DATASET EXCERPT:
- Opening Delimiter -

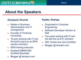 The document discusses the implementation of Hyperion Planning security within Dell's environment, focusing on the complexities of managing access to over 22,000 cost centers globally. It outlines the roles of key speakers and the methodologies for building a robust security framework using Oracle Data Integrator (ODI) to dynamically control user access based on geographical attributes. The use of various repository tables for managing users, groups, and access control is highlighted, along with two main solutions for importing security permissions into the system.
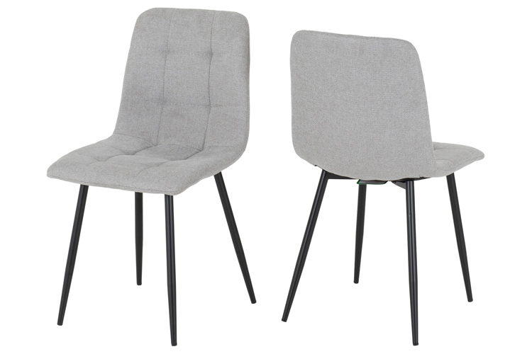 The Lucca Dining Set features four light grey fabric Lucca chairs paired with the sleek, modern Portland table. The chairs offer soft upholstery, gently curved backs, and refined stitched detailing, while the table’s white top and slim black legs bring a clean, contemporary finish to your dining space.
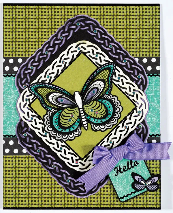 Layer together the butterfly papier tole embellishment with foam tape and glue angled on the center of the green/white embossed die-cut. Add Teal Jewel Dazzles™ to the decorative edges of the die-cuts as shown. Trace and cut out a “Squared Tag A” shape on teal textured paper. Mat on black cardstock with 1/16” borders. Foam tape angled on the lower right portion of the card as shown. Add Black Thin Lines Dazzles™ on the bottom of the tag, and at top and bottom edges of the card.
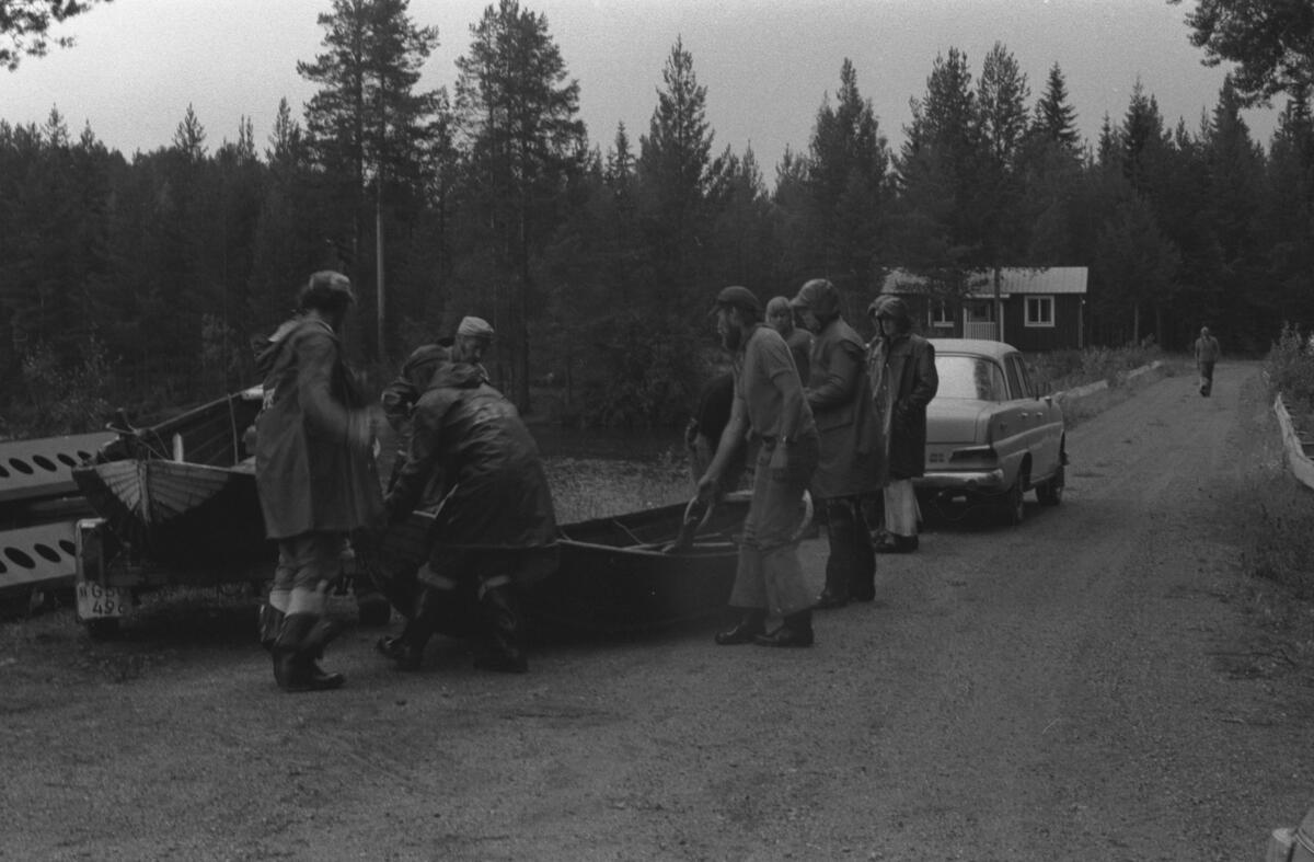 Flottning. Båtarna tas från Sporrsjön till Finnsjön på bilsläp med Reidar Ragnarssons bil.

- Closing Delimiter -

Go through the data above and print exactly the lines from its first line through the line holding "The Lucca Dining", both included, leaving pictures aside.

ANSWER AREA:
 The document discusses the implementation of Hyperion Planning security within Dell's environment, focusing on the complexities of managing access to over 22,000 cost centers globally. It outlines the roles of key speakers and the methodologies for building a robust security framework using Oracle Data Integrator (ODI) to dynamically control user access based on geographical attributes. The use of various repository tables for managing users, groups, and access control is highlighted, along with two main solutions for importing security permissions into the system.
 The Lucca Dining Set features four light grey fabric Lucca chairs paired with the sleek, modern Portland table. The chairs offer soft upholstery, gently curved backs, and refined stitched detailing, while the table’s white top and slim black legs bring a clean, contemporary finish to your dining space.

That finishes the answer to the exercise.